--- START ---

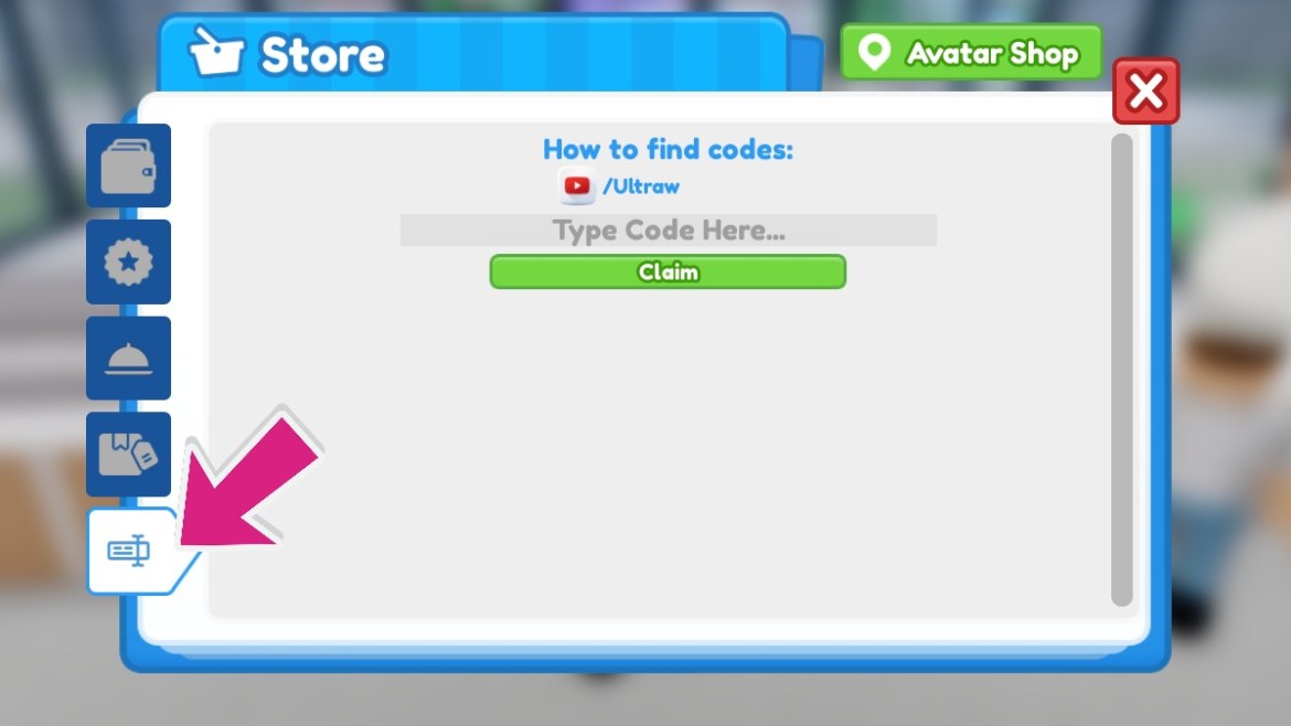 If you’re hoping to redeem any of the codes listed above, you’ll have a few steps to take before you can claim the goodies inside. You’ll first need to click on Store or use the 6 key on your keyboard to open it. Once the store has opened, you’ll want to click on the codes tag on the left side menu, seen in photo 2. After this screen is shown, you’ll just need to type in the code that you would like to use, and you’ll be ready to go.
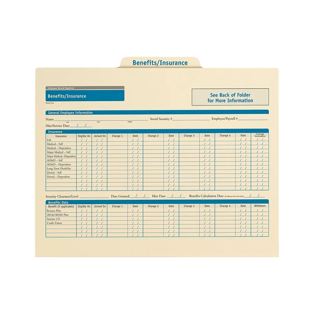 This easy-to-use record organizer covers all data from the first day to last! The ComplyRight Employee Benefits & Insurance Records Folder Organizer not only organize your paperwork – it actually helps simplify it – by capturing important personnel information right on the folder itself. Space for confidential information is concealed on the inside of the folder. This folder has passed through a comprehensive legal review to assure it complies with current employment laws, a safeguard that no other system offers.
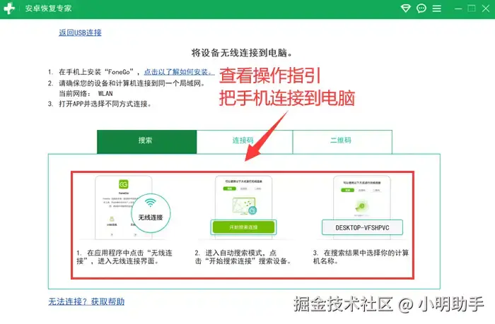 步骤1: 打开软件,查看主页面的操作指引,把手机连接到电脑。然后,软件就会检测到手机,立刻进入工作状态。
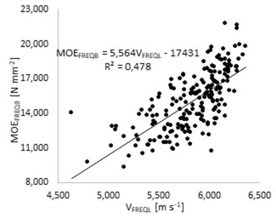 - A strong correlation was also attained between L velocities defined by both methods and MOEFREQB. Thus, MOE in bending could be estimated according to L velocity: VFREQL; the equation is MOEFREQB = 5.564 VFREQL –17431.
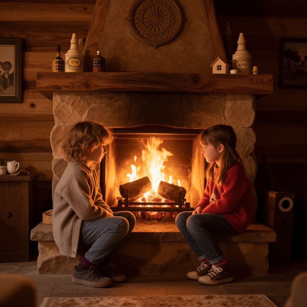 Fraternal siblings sitting by a cozy fireplace, warm and inviting atmosphere, rustic cabin interior, soft shadows, intricate details on wooden textures, childhood memorabilia surrounding, emotional and heartfelt moment, hyper-detailed realism
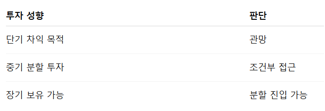 최고가 이후의 투자는 전망보다 자신의 투자 기간과 대응 능력을 기준으로 판단하는 것이 가장 현실적인 접근입니다.
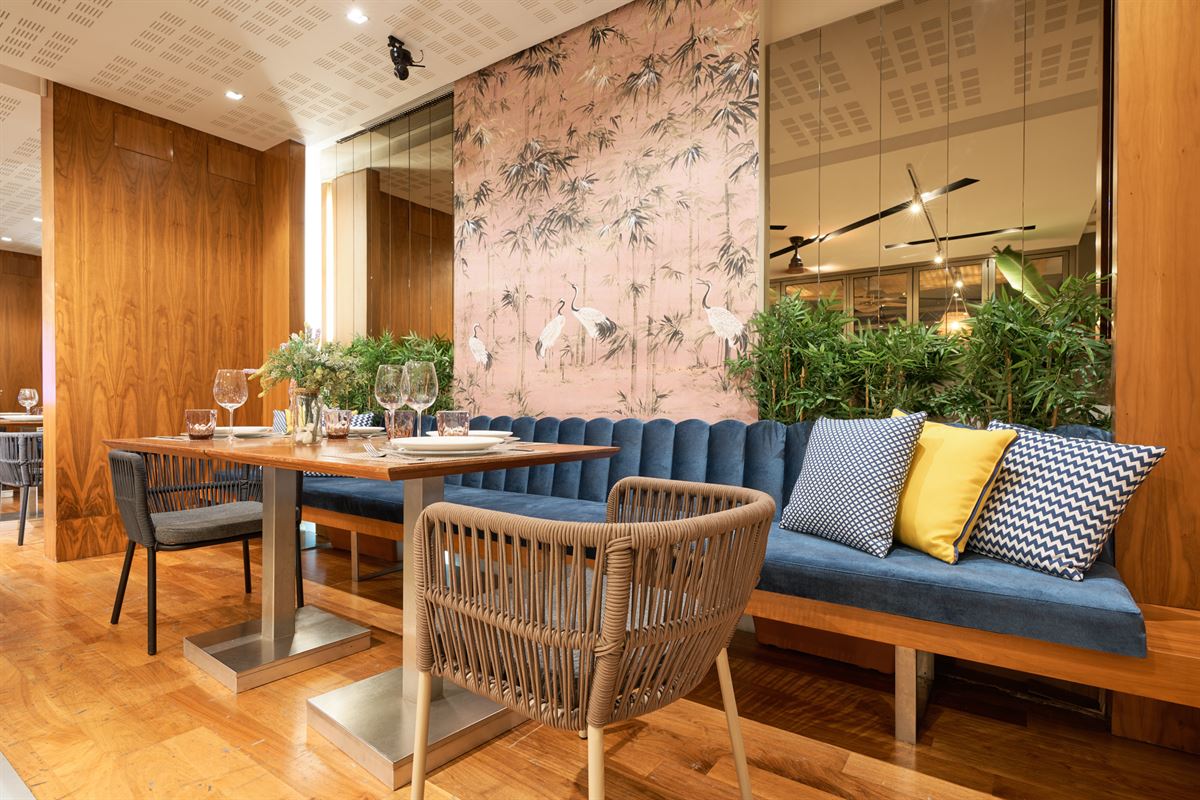 Cet espace rénové est composé de plusieurs pièces intérieures, un magnifique porche et un sublime jardin, le tout décoré et meublé avec beaucoup de style. La décoration de chaque salle est pensée dans les moindres détails pour accueillir un grand nombre de convives ou pour y tenir une soirée plus intime. Les meubles choisis s’harmonisent parfaitement avec l’architecture des lieux et le concept du restaurant. Ils ont été rigoureusement sélectionnés pour que les convives puissent profiter non seulement de la gastronomie proposée dans son menu, mais aussi de l’atmosphère créée, le tout dans un confort optimal. En conclusion, le groupe Lantana a su créer, en collaboration avec Persevera Producciones, un espace chaleureux, conçu avec beaucoup de goût, où vous pourrez profiter d’une magnifique soirée.
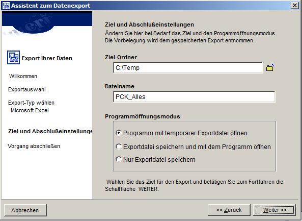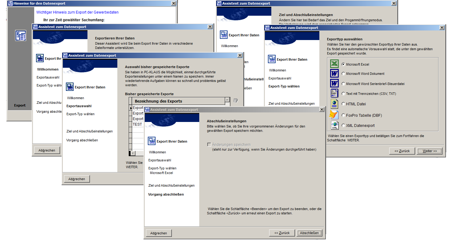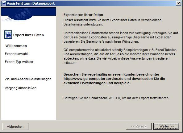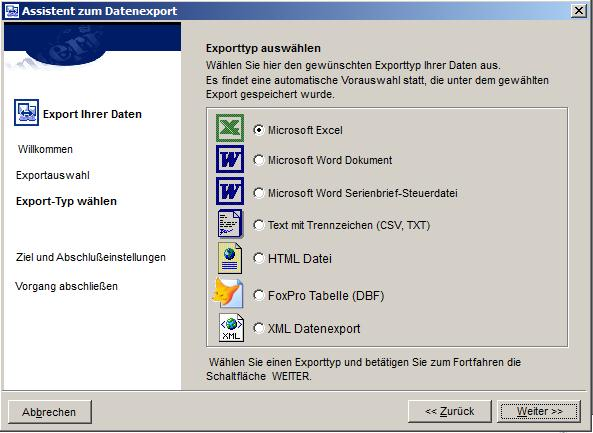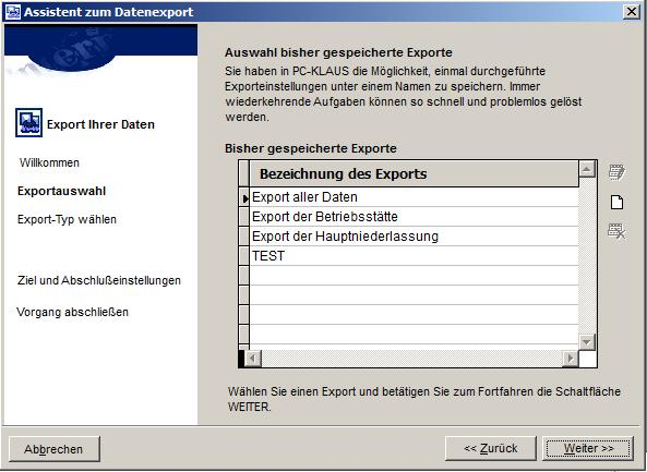 2. Seite Exportauswahl
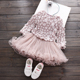 女童套装 2017春季新款儿童格子系带娃娃衫蕾丝短裙半身裙两件套
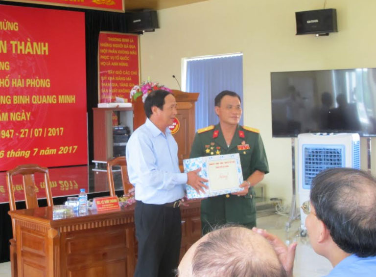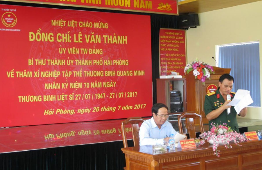 Phát biểu với cán bộ, thành viên và người lao động của Xí nghiệp tập thể thương binh Quang Minh, đồng chí Lê Văn Thành - Ủy viên Trung ương Đảng, Bí thư Thành Ủy, Chủ tịch Hội Đồng Nhân Dân Thành Phố Hải Phòng ghi nhận những đóng góp tích cực của Xí nghiệp vào sự nghiệp xây dựng và bảo vệ Thành phố, nhất là trong công tác chăm sóc thương binh, gia đình Liệt sỹ, gia đình có công với tổ quốc.
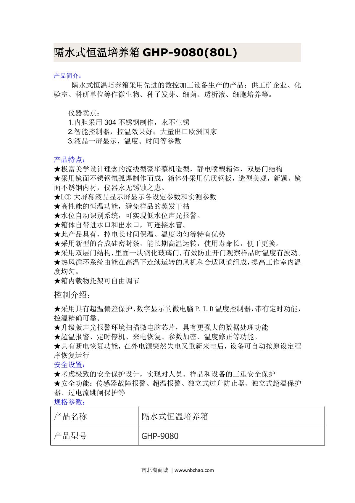 JieCheng GHP-9080 Waterproof Incubator brochure
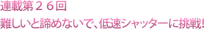 「オート設定」でカメラ任せにするのではなく、シャッター速度を調整してさまざまな写真に挑戦しましょう。今回、越カメラマンが教えてくれるのは、「低速シャッターの極意」です。低速シャッターで大胆なカットをものにしてください。
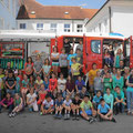 Dabei konnten alle ausprobieren, wie eine Hochdrucklöschanlage funktioniert, wie man einen Fettbrand NICHT löschen soll, wie sich ein Atemschutzgerät anfühlt und wie schwer die technischen
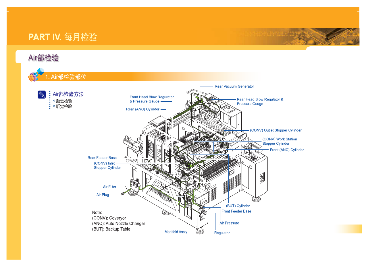 SM 3 10 M ain te na nc e Ha nd bo ok 34 PART IV . 每月检验 Air 部检验 VV : 1 . Air 部检验部位 Rear Vacuum Generator 驪 Air 部检验方法 ^ 触觉检验 ° 听觉检验 Front Head Blow Regurator & Pressure Gauge Rear Head Blow Regulator & Pressure Gau…
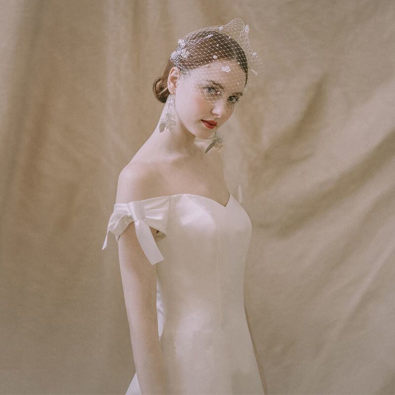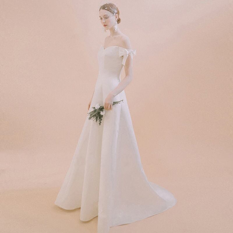 エレガント ウエディングドレス オフショルダー お呼ばれ/二次会 オフホワイト
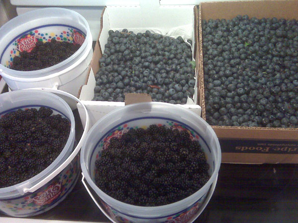 You got quite the berry haul, too! I’ve just finished processing 14 quart bags of okra as of 1:00 a.m. last night – the berries look yummier 😉
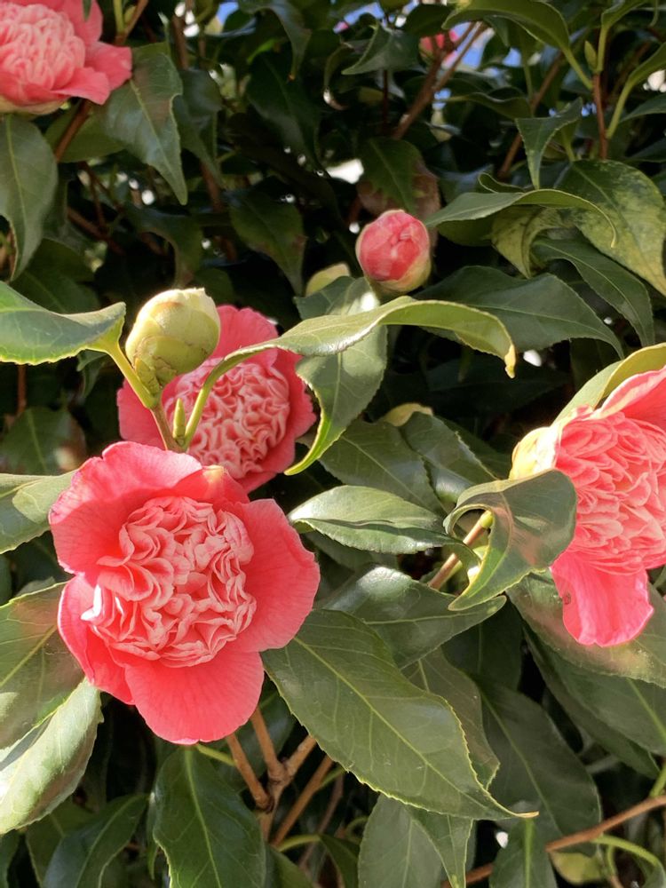 近隣のスーパーの近くのボクハンツバキ卜半椿🌸が咲き出しました💕
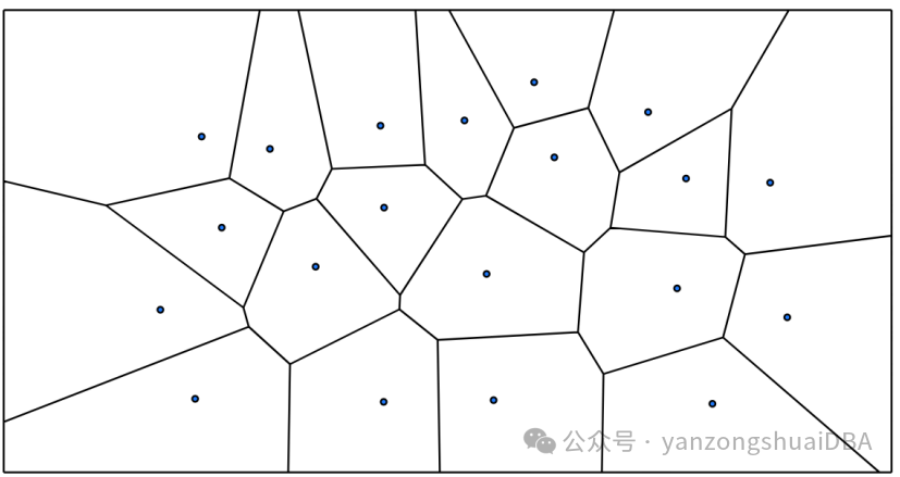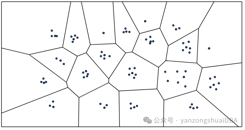 2)可以使用K-means算法找到上面向量的质心(聚类概念),每个质心对应一个桶,每个桶存储一簇向量。到两个质心欧式距离相等的点构成边,表示每个桶的分隔线:
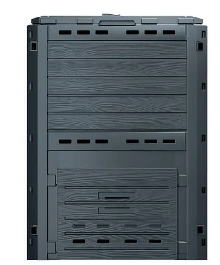 Kompostownik wyposażony jest w duży otwór do wsypywania resztek organicznych, który zamykany jest pokrywą wyposażoną w ergonomiczny uchwyt stanowiący jednocześnie zabezpieczenie przed otwarciem przez wiatr lub zwierzęta. Dolna zasuwa umożliwia wygodne wyjmowanie kompostu.
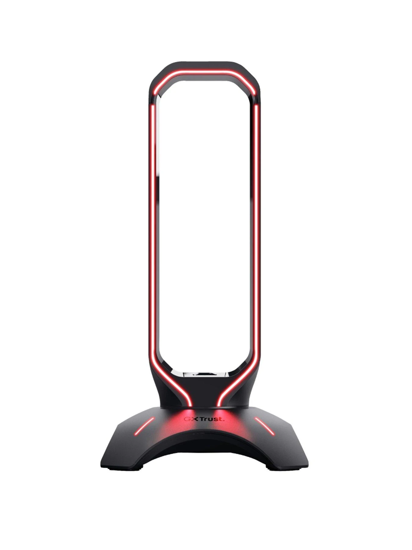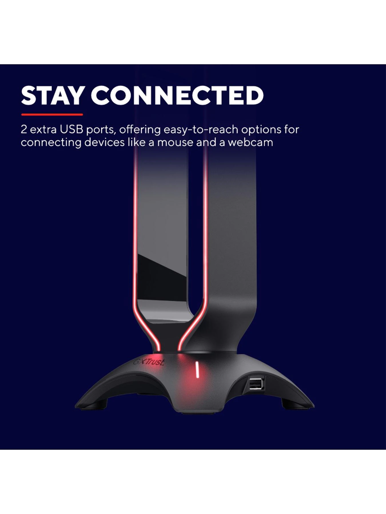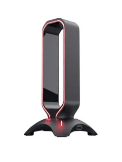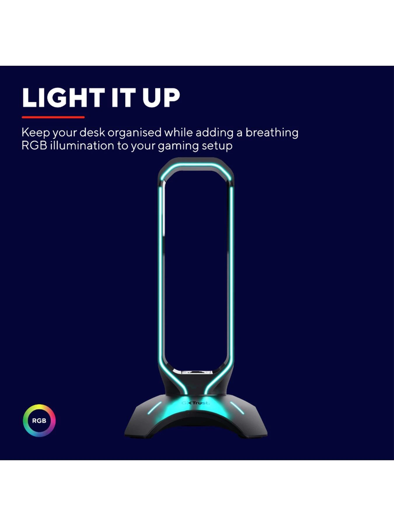 Keep your desk organised with the Trust GXT 265 Cintar RGB Headset Stand. This stylish accessory not only looks after your headset, it also has two handy USB ports and cool, breathing RGB illumination that makes a great addition to your gaming setup.
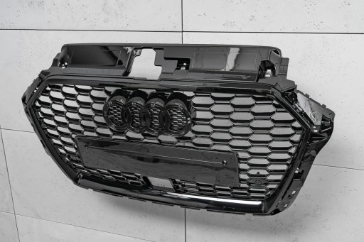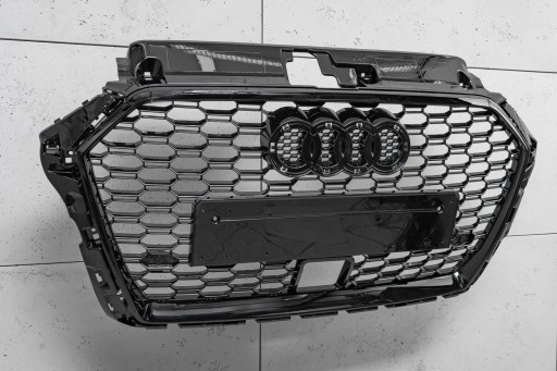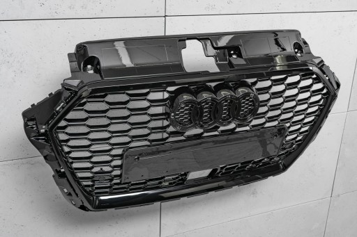 Dedykowany grill zaprojektowany został w stylu charakterystycznym dla samochodów z segmentu RS. Kratka grilla o charakterystycznym wzorze plastra miodu, nieodzownie przywodzi na myśl budzące respekt, pełne mocy samochody sportowe z najwyższej półki. Element zachwyca sportowym charakterem, a połysk czarnych lakierowanych elementów dodaje mu elegancji - dzięki czemu doskonale współgra z imponującym designem AUDI A3.

--- END ---

WHAT TO DO: Reproduce the data word for word; no pictures.

REPLY:
 If you’re hoping to redeem any of the codes listed above, you’ll have a few steps to take before you can claim the goodies inside. You’ll first need to click on Store or use the 6 key on your keyboard to open it. Once the store has opened, you’ll want to click on the codes tag on the left side menu, seen in photo 2. After this screen is shown, you’ll just need to type in the code that you would like to use, and you’ll be ready to go.
 This easy-to-use record organizer covers all data from the first day to last! The ComplyRight Employee Benefits & Insurance Records Folder Organizer not only organize your paperwork – it actually helps simplify it – by capturing important personnel information right on the folder itself. Space for confidential information is concealed on the inside of the folder. This folder has passed through a comprehensive legal review to assure it complies with current employment laws, a safeguard that no other system offers.
 步骤1: 打开软件,查看主页面的操作指引,把手机连接到电脑。然后,软件就会检测到手机,立刻进入工作状态。
 - A strong correlation was also attained between L velocities defined by both methods and MOEFREQB. Thus, MOE in bending could be estimated according to L velocity: VFREQL; the equation is MOEFREQB = 5.564 VFREQL –17431.
 Fraternal siblings sitting by a cozy fireplace, warm and inviting atmosphere, rustic cabin interior, soft shadows, intricate details on wooden textures, childhood memorabilia surrounding, emotional and heartfelt moment, hyper-detailed realism
 최고가 이후의 투자는 전망보다 자신의 투자 기간과 대응 능력을 기준으로 판단하는 것이 가장 현실적인 접근입니다.
 Cet espace rénové est composé de plusieurs pièces intérieures, un magnifique porche et un sublime jardin, le tout décoré et meublé avec beaucoup de style. La décoration de chaque salle est pensée dans les moindres détails pour accueillir un grand nombre de convives ou pour y tenir une soirée plus intime. Les meubles choisis s’harmonisent parfaitement avec l’architecture des lieux et le concept du restaurant. Ils ont été rigoureusement sélectionnés pour que les convives puissent profiter non seulement de la gastronomie proposée dans son menu, mais aussi de l’atmosphère créée, le tout dans un confort optimal. En conclusion, le groupe Lantana a su créer, en collaboration avec Persevera Producciones, un espace chaleureux, conçu avec beaucoup de goût, où vous pourrez profiter d’une magnifique soirée.
 2. Seite Exportauswahl
 女童套装 2017春季新款儿童格子系带娃娃衫蕾丝短裙半身裙两件套
 Phát biểu với cán bộ, thành viên và người lao động của Xí nghiệp tập thể thương binh Quang Minh, đồng chí Lê Văn Thành - Ủy viên Trung ương Đảng, Bí thư Thành Ủy, Chủ tịch Hội Đồng Nhân Dân Thành Phố Hải Phòng ghi nhận những đóng góp tích cực của Xí nghiệp vào sự nghiệp xây dựng và bảo vệ Thành phố, nhất là trong công tác chăm sóc thương binh, gia đình Liệt sỹ, gia đình có công với tổ quốc.
 JieCheng GHP-9080 Waterproof Incubator brochure
 「オート設定」でカメラ任せにするのではなく、シャッター速度を調整してさまざまな写真に挑戦しましょう。今回、越カメラマンが教えてくれるのは、「低速シャッターの極意」です。低速シャッターで大胆なカットをものにしてください。
 Dabei konnten alle ausprobieren, wie eine Hochdrucklöschanlage funktioniert, wie man einen Fettbrand NICHT löschen soll, wie sich ein Atemschutzgerät anfühlt und wie schwer die technischen
 SM 3 10 M ain te na nc e Ha nd bo ok 34 PART IV . 每月检验 Air 部检验 VV : 1 . Air 部检验部位 Rear Vacuum Generator 驪 Air 部检验方法 ^ 触觉检验 ° 听觉检验 Front Head Blow Regurator & Pressure Gauge Rear Head Blow Regulator & Pressure Gau…
 エレガント ウエディングドレス オフショルダー お呼ばれ/二次会 オフホワイト
 You got quite the berry haul, too! I’ve just finished processing 14 quart bags of okra as of 1:00 a.m. last night – the berries look yummier 😉
 近隣のスーパーの近くのボクハンツバキ卜半椿🌸が咲き出しました💕
 2)可以使用K-means算法找到上面向量的质心(聚类概念),每个质心对应一个桶,每个桶存储一簇向量。到两个质心欧式距离相等的点构成边,表示每个桶的分隔线:
 Kompostownik wyposażony jest w duży otwór do wsypywania resztek organicznych, który zamykany jest pokrywą wyposażoną w ergonomiczny uchwyt stanowiący jednocześnie zabezpieczenie przed otwarciem przez wiatr lub zwierzęta. Dolna zasuwa umożliwia wygodne wyjmowanie kompostu.
 Keep your desk organised with the Trust GXT 265 Cintar RGB Headset Stand. This stylish accessory not only looks after your headset, it also has two handy USB ports and cool, breathing RGB illumination that makes a great addition to your gaming setup.
 Dedykowany grill zaprojektowany został w stylu charakterystycznym dla samochodów z segmentu RS. Kratka grilla o charakterystycznym wzorze plastra miodu, nieodzownie przywodzi na myśl budzące respekt, pełne mocy samochody sportowe z najwyższej półki. Element zachwyca sportowym charakterem, a połysk czarnych lakierowanych elementów dodaje mu elegancji - dzięki czemu doskonale współgra z imponującym designem AUDI A3.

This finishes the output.